Hidden danger: four lung infections in late-stage HIV

People living with advanced HIV infection can face more than one dangerous lung infection at the same time. Ivan V. Shashenkov and colleagues set out to describe the clinical picture and diagnostic challenges when disseminated pulmonary tuberculosis occurs together with coronavirus (CVP), pneumocystis (PCP) and pneumococcal (PCcP) pneumonia. The study was prospective and included 120 newly diagnosed patients aged 29–53 years who had disseminated pulmonary tuberculosis with isolation of Mycobacterium tuberculosis and were in IVB stage of HIV infection in the progression phase, without antiretroviral therapy. Patients were randomized into main and comparison groups labeled 1A, 2A and 1B, 2B. The 1A group included 29 patients with comorbidity of disseminated pulmonary tuberculosis, coronavirus and pneumocystis pneumonia; 2A had 31 patients with disseminated pulmonary tuberculosis, CVP and PCcP. The 1B and 2B groups included 29 and 31 similar patients respectively, but without CVP. The investigators focused on how these infections overlap in people with severe immunodeficiency and how that affects clinical signs, imaging and the need for careful diagnostic testing.
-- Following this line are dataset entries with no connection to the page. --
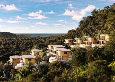 At the centre of each villa is a semi-indoor swimming pool that blends seamlessly with the open-plan living and kitchen space.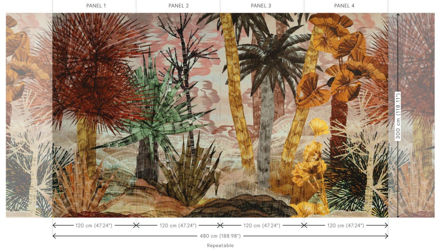 Dimensions: Panoramic of 480 cm x 300 cm = 14,4 m² (188.98" x 118.11" = 155 sq.ft), 4 panels à 120cm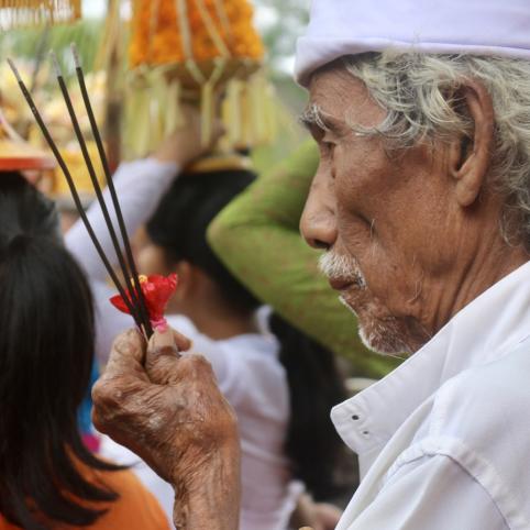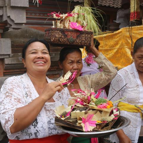 Pietums užsisakius mano mėgstamiausio Gado Gado patiekalo (virtos daržovės ir tofu su aštriu riešutų sviesto padažu) akį patraukia senolė. Oriai sėdėdama pakraštyje, rankomis ji kuria nuostabaus grožio krepšelius – iš bambuko, gėlių žiedų ir lapų. Mano žvilgsnį pastebėjęs rūpestingasis šeimininkas kaipmat paaiškina, kad šie krepšeliai skirti kaimynų šventyklos ceremonijai.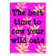 Esta graciosa tarjeta de cumpleaños dice: "¡El mejor momento para sembrar la avena salvaje es cuando se garantiza la pérdida de cosechas!" Este gracioso saludo de cumpleaños es para hombres y mujeres de todas las edades—todo depende de lo que esté pasando. Y algo debería estar pasando.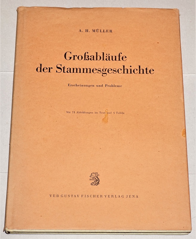 Müller, Arno Hermann: Großabläufe der Stammesgeschichte. Erscheingn u. Probleme. Jena: G. Fischer, 1961. 24,5 cm, 116 S. Mit 71 Abb. im Text u. 4 Taf. Ln., SU. SU. mit Randläsuren. Sonst leichte Gebrauchsspuren.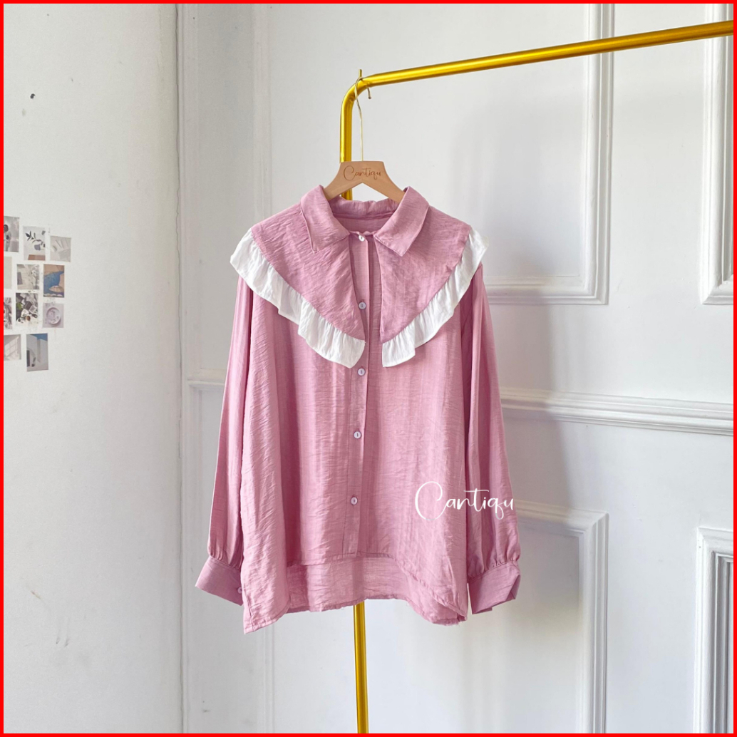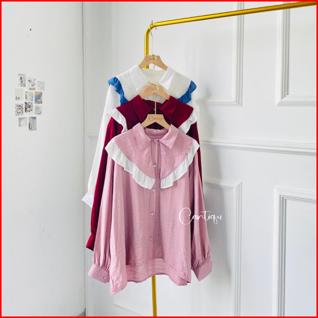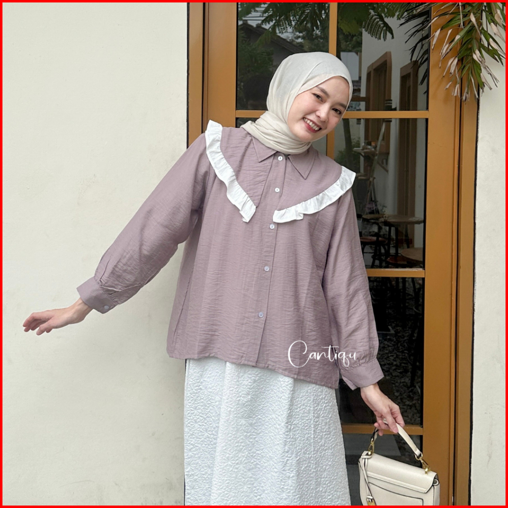 Cantiqu - Blouse Ruffle Pololinen Valla Atasan Kemeja Wanita

To identify the specific causes of pneumonia the team used established laboratory and microbiological methods. PCR for SARS-CoV-2 RNA was used in naso- and oropharyngeal swabs, in sputum or in endotracheal aspirate to diagnose CVP. For detection of Pneumocystis jirovecii the causative agent of PCP, they performed microscopic examination of diagnostic material from the respiratory tract with staining according to Romanowsky-Giemsa and according to Grocott-Gomori. For detection of Streptococcus pneumoniae, the causative agent of pneumococcal pneumonia, diagnostic material was sown on special nutrient media, with the determination of drug resistance of the obtained culture to broad-spectrum antibiotics. Statistical data processing was carried out using Microsoft Office Excel 2019 with calculation of mean value of the indicator in the group, standard error and confidence interval. The researchers found that these coinfections were linked to severe immunodeficiency, generalized tuberculosis with multiple extrapulmonary lesions and severe pneumonia, and that clinical signs and respiratory symptoms were similar across infections.

The study highlights a practical problem: when tuberculosis, CVP, PCP and PCcP occur together they produce overlapping symptoms and complex computed tomographic changes, making it hard to distinguish which pathogens are present from clinical signs or CT alone. The reported CT picture involved a simultaneous combination of four pathological syndromes: dissemination, pleural pathology, increased pulmonary pattern and adenopathy. Because several diseases can look the same on imaging and in symptoms, the authors emphasize the need for a complex etiological diagnosis using targeted laboratory tests so that clinicians can prescribe timely, combined treatment. For people with disseminated pulmonary tuberculosis and advanced HIV, the findings underline the importance of active screening and rapid laboratory confirmation to allow emergency hospitalization and appropriate therapy with the goal of reducing mortality in this vulnerable group.